Mark Dickinson

Personal information
- Nickname: Boo Boo
- Born: 7 July 1999 (age 27) Durham, County Durham, England
- Height: 1.88 m (6 ft 2 in)
- Weight: Super-middleweight

Boxing career

Boxing record
- Total fights: 10
- Wins: 8
- Win by KO: 2
- Losses: 2

= Mark Dickinson =

English boxer (born 1999)

Mark Dickinson (born 7 July 1999) is an English professional boxer. As an amateur he won gold medals at the 2017 European Youth Championships and 2017 Commonwealth Youth Games.

He competed at the 2019 European Games in Minsk, Belarus, and also at the 2019 World Championships in Yekaterinburg, Russia, where he lost by unanimous decision to Arman Darchinyan in the first round.
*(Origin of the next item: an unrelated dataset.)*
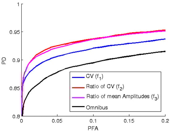 We have selected all of the pixels belonging to one single boat without superposition, those that are represented in gray in Figure 11. The statistical distributions of the three criteria , , , and the criterion of the Omnibus method, where computed for all the pixels belonging to the boats, and then for pixels of a sea area. We can then use these distributions to compute the ROC curve, by deriving the True positive Rate and False positive Rate for different threshold values. Figure 12 presents the resulting ROC curves.

Dickinson turned professional in January 2021. He won the English super-middleweight title with a unanimous decision victory over defending champion Reece Farnhill at Planet Ice in Altrincham on 28 March 2025. Dickinson was stripped of the title after failing to make the required weight before his first defense against Troy Williamson at Rainton Meadows Arena in Houghton-le-Spring on 6 September 2025. Despite this the fight went ahead with Williamson winning by stoppage in the ninth round.